If, like so many of us marketers, you weren’t a statistician or computer scientist, you might need a quick refresher course on algorithms and models:
Every machine-learning product is based on algorithms. An algorithm is just a series of mathematical steps used to transform and analyze data. And every algorithm has a statistical ‘model’ built in, or a format for the results of its work. Depending on the algorithm, that model might look like a bell curve, or a grouping of data points, and so on. (For a more detailed walk-through, see our machine learning primer for marketers.)
Before you look at machine-learning products, Borne says you should understand what kind of algorithm is likely to help address the problem at hand.
Different types of models include:
- Trend detection
- Link/association discovery
A product based on a segmentation algorithm may include machine-learning capability, but that doesn’t mean it’s going to build your recommendation engine. It produces the wrong kind of model for that task.
Then, questions to ask the vendors
After you’ve answered those first three questions for yourself, you’re equipped to have productive conversations with product and service providers.
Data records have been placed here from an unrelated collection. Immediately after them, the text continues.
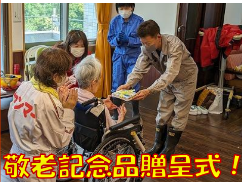
敬老記念品贈呈式！

毎年ふる里では敬老をお祝いして職員からの手作りの「敬老記念品」をプレゼントしており、今年はカード入れを作成しお渡ししました。花柄の素敵な色合いに仕上がり、センター長直筆の「交わる笑顔素敵な和」の言葉を添えて一人一人にお渡ししました。皆様の普段の生活に使っていただけたら幸いです。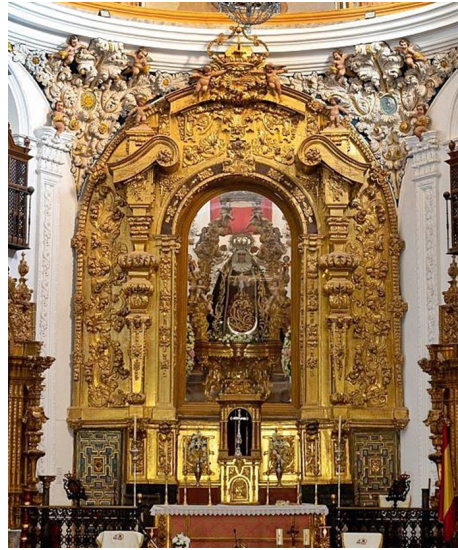
Fig. 3. Retablo de la Virgen del Socorro, iglesia de Santa María de Jesús, Antequera.

rior curvo. Además, también encontramos elementos iconográficos de guirnaldas y drapeados, del mismo modo presentes en otro retablo que presenta elementos que nos recuerda, en cierta manera, al de la Virgen de la Antigua, principalmente a los elementos formales del vano central. Se trata del retablo de San José de la misma iglesia de San Zoilo, ejecutado en la primera mitad del siglo XVIII por Antonio de Ribera, cuya figura volveremos a ver posteriormente.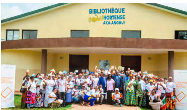
Etape de Port-Bouët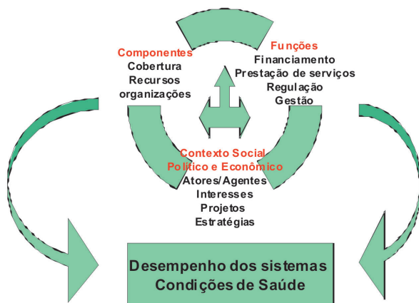
Figura 2 - Dinâmica dos Sistemas de Saúde

Fonte: LOBATO L.V.C.; GIOVANELLA, L. Sistemas de Saúde: origens, componentes e dinâmica. In: Giovanella, Ligia; Lobato, Lenaura; Escorel, Sarah; Noronha, José e Carvalho, Antonio Ivo: Políticas e Sistema de Saúde no Brasil. Rio de Janeiro: Editora Fiocruz, 2008.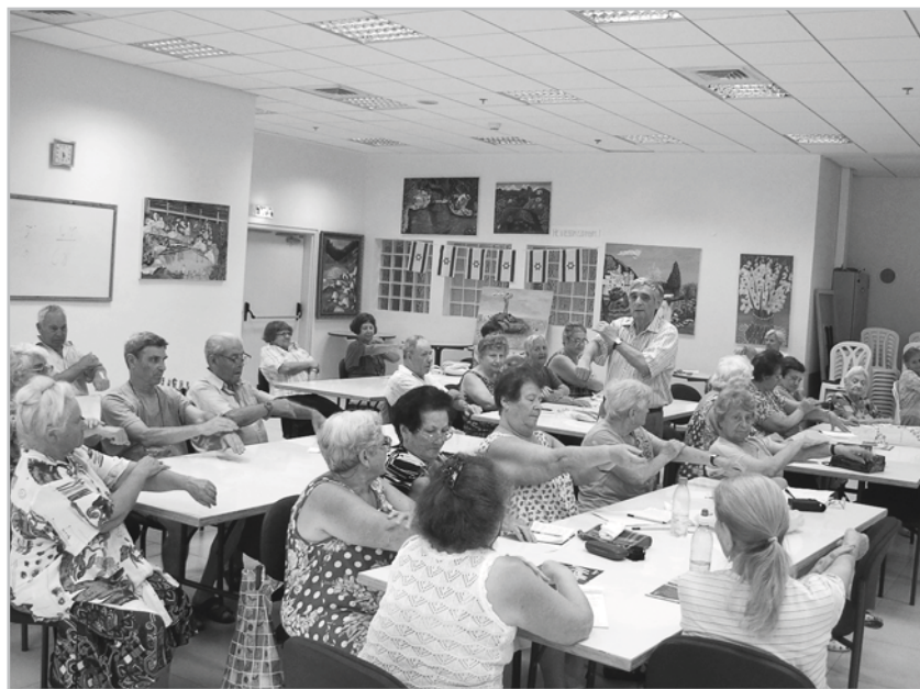
Занятие в Школе здоровья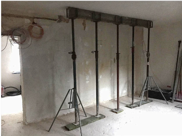
Notabstützung beidseitig der KG & EG Decken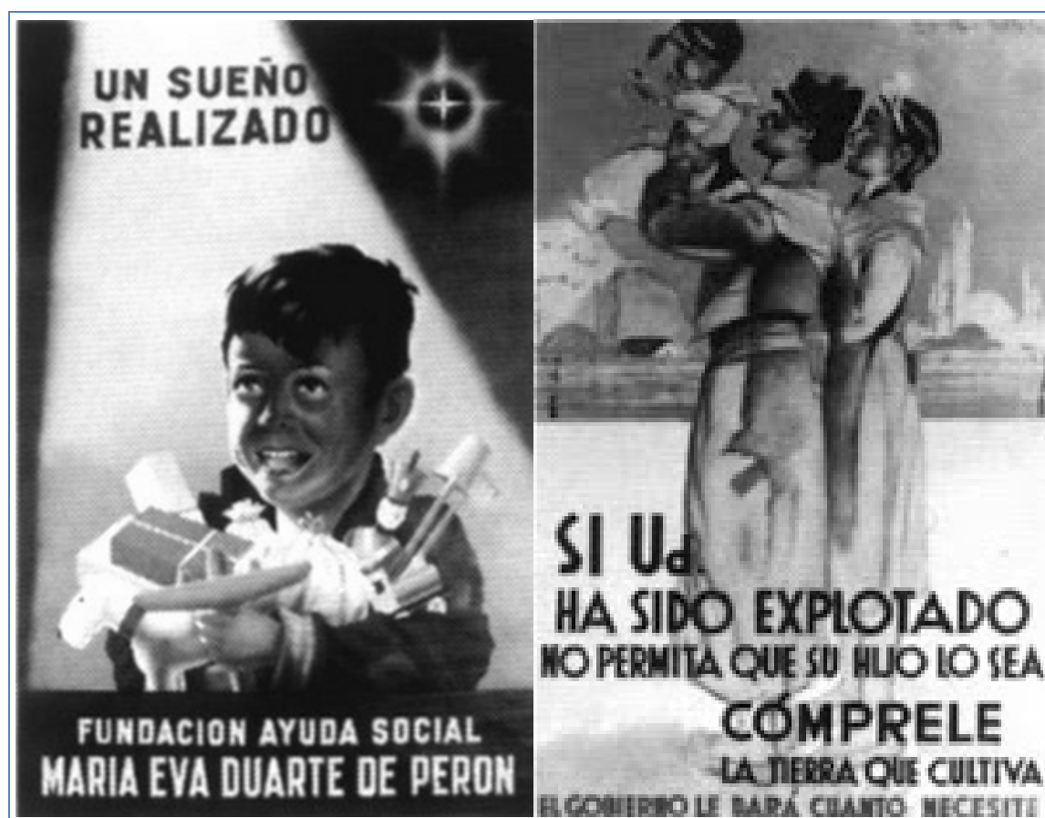
Figura 2: Afiches promocionales de la Fundación María Eva Duarte de Perón | Cartazes divulgando a Fundação Maria Eva Duarte de Perón. (Mosaico gráfico elaborado por el autor. Cortesía del Archivo Gráfico del Instituto Nacional Juan Domingo Perón de Estudios e Investigaciones Históricas, Sociales y Políticas).

Ambas composiciones se destacan elocuentemente por el uso de los colores, el dinamismo compositivo y el poder de sus mensajes. Hacen referencia a momentos históricos distintos: los tiempos preliminares y luego los actuales en los que es posible enfatizar los beneficios del gobierno en funciones luego de su primer año de ejercicio democrático.

Here are three questions to ask them.
1. Is this a data-consuming, algorithm-driven learning system?
According to Borne, this simple yes-or-no question is the central one for detecting machine washing.
For example, if a product works with models built using the vendor’s data, but doesn’t ‘learn’ or improve as it consumes your data, Borne says it’s not really a machine-learning system. It’s just a packaged application.
“That app may have been built based on machine-learning algorithms at the vendor's shop, but that doesn't give you access to any of its ML capability,” he says.
If the answer to this question is truly ‘yes,’ then you can ask follow-up questions to understand more about how the system works, and whether it’s going to work for you.
2. What type of algorithm or algorithms does the system use?
In your preparation, you asked yourself what kind of model or models would be applicable to your work.
So you are ready to evaluate the vendor’s answer to this question, and see if their product is the right sort.
If they won’t tell you, in at least broad terms (e.g. “We combine some kinds of regression analysis with a classification system”), something’s fishy and warrants more careful examination.
In evaluating possible partnerships for our agency, we have found that as you gain exposure to multiple vendors, you’ll start to be able to guess the types of algorithms at work yourself when you watch the demos.
3. How does the system measure and document its improvement?
If the system is optimizing its own performance, you should be able to see that.
The results might get better incrementally, or machine learning might lead you to an insight that make a huge impact. Either way, documenting the improvement will allow you to identify next steps—and justify further investment.
These question sets will get you started on evaluating products, and avoid getting duped by spurious vendor claims.
Our interviews with these experts also carried over into implementation, putting machine learning to work. We’ll cover that in a future column.